Here's what I think I know:
1. Samba does indeed crash when running with "oplocks = no" AND on a single node of a two-node GFS cluster where the other node is not doing much of anything. So Christopher the answer to your questions is that it seems to be _purely_ samba and gfs interacting that is setting up a crash.
2. Samba sometimes crashes in such a way that a "kill -9" will not eliminate the crashed processes. In this situation attempting to start samba again creates a [predictably] unstable situation in which kernel oopses are evident.
3. Often samba simply starts to fail without outright crashing. This renders both heartbeat monitoring and fencing rather useless. On the client end this is evidenced by the ability to access a share and browse, but severely degredaded performance when accessing individual files and frequent crashes of windows explorer. On the server end, more and more smb processes start up but old ones don't die...
Here are some observations. <disclaimer> Some of these could be completly bogus because I am extrapolating on insifficient facts </disclaimer>.
1. Crashes are not nescessarily caused by having multiple accesses to the same file. In one situation having 7 computers read/write to the same directory (but never the same file) appears to have caused a complete crash or a server running samba on top of GFS.
2. Crashes could be load related. I seem to be exponentially more likely to see a crash with 50 concurrent users than with 5. Since having many users increases the chances of a situation like #1 above, I can see a possible correlation, but this would not explain all crashes.
3. Larger files and more full directories experience severe performance degredation in the samba/gfs scenario. Simply right-clicking on a networked file that is a few hundred megabytes can take minutes to pop up a menu (assuming it doesn't crash windows explorer first).
4. Crashes occur on quota-enforced and non-quota-enforced system with no discernable difference. However access to files on quota-ed systems might be slower.

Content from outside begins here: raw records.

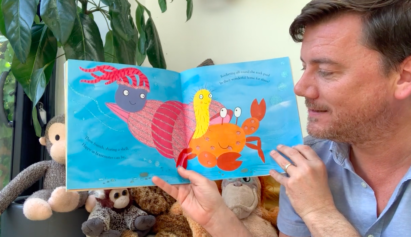 Pick a comfortable and cosy seat in your home to listen to the story of ‘Sharing a Shell’, a story about a tiny hermit crab who loves his new shell. He doesn’t want to share it – not with a blobby purple anemone and a tickly bristleworm. But life in the rock pool proves tougher than Crab thinks, and soon he finds he needs his new housemates in this rollicking story of sea, shells and friendship.
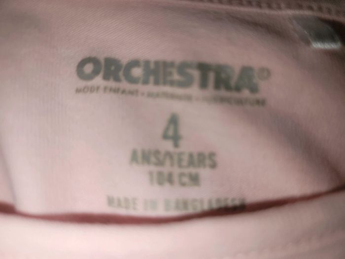 T-shirt orchestra taille 4 ans. Peu porté. Légère trace au dessus de la partie doré.
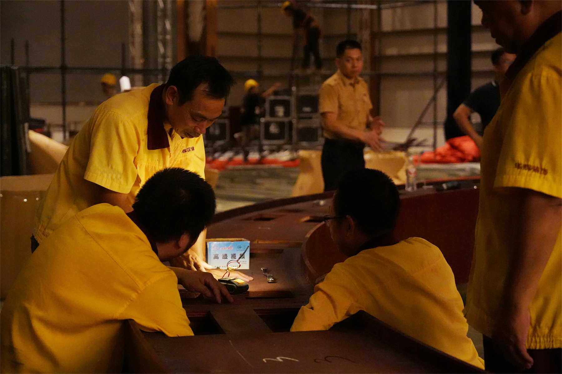 接到任务后,太阳成tyc7111cc官网深感使命光荣、责任重大。大圆桌直径12米,周长37.69米,超大型的弧形结构增加了生产难度,且工期非常紧张。为有效缩短工期,太阳成tyc7111cc官网采用工厂工业化部品部件,将超大型的弧形结构逐一分解,拆分工艺、结构和形体。
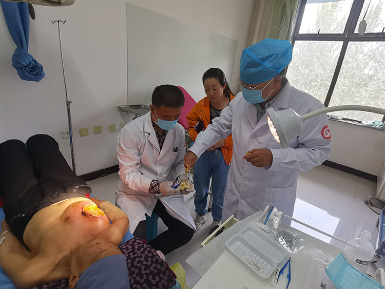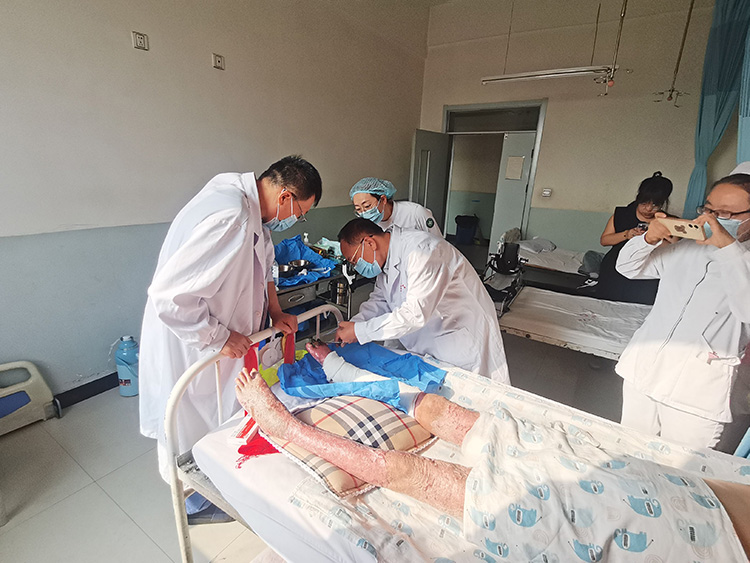 9月27日,應(yīng)大同市云岡區(qū)人民醫(yī)院邀請,《中國燒傷創(chuàng)瘍雜志》常務(wù)編委、燒傷創(chuàng)瘍再生醫(yī)療技術(shù)臨床專家趙瑞慶教授在該院進(jìn)行臨床教學(xué)查房,共檢視了7例慢瘡患者(糖尿病潰瘍3一5級5例,頸后巨大癰1例,燒傷多部位合并癥、骨外露、會陰部粘連、左肘關(guān)節(jié)粘連、右足多趾干性壞死1例),并在事后對每一位患者制定了進(jìn)一步治療方案。

I experiemented with a lot of different settings in the smb.conf, and while the crashes were sometimes different I could not come up with a good mapping of configs<=>crash causes. I have been very frustrated because every time I think I've discovered something a new crash happens that appears to prove me wrong. I need to create a seperate test environment where I can set up idealized crash conditions in order to give this list some more credible data because my current environment has a lot of simultaneous access from multiple users whose actions aren't easily monitorably or consistent. For instance, bob can't access a server drive on windows computer one, he simply logs into computer two and then three hoping to get a different result. Server crashes, but did it crash because bob didn't wait long enough on the first access and exacerbated a fixable problem to a crash? hard to tell...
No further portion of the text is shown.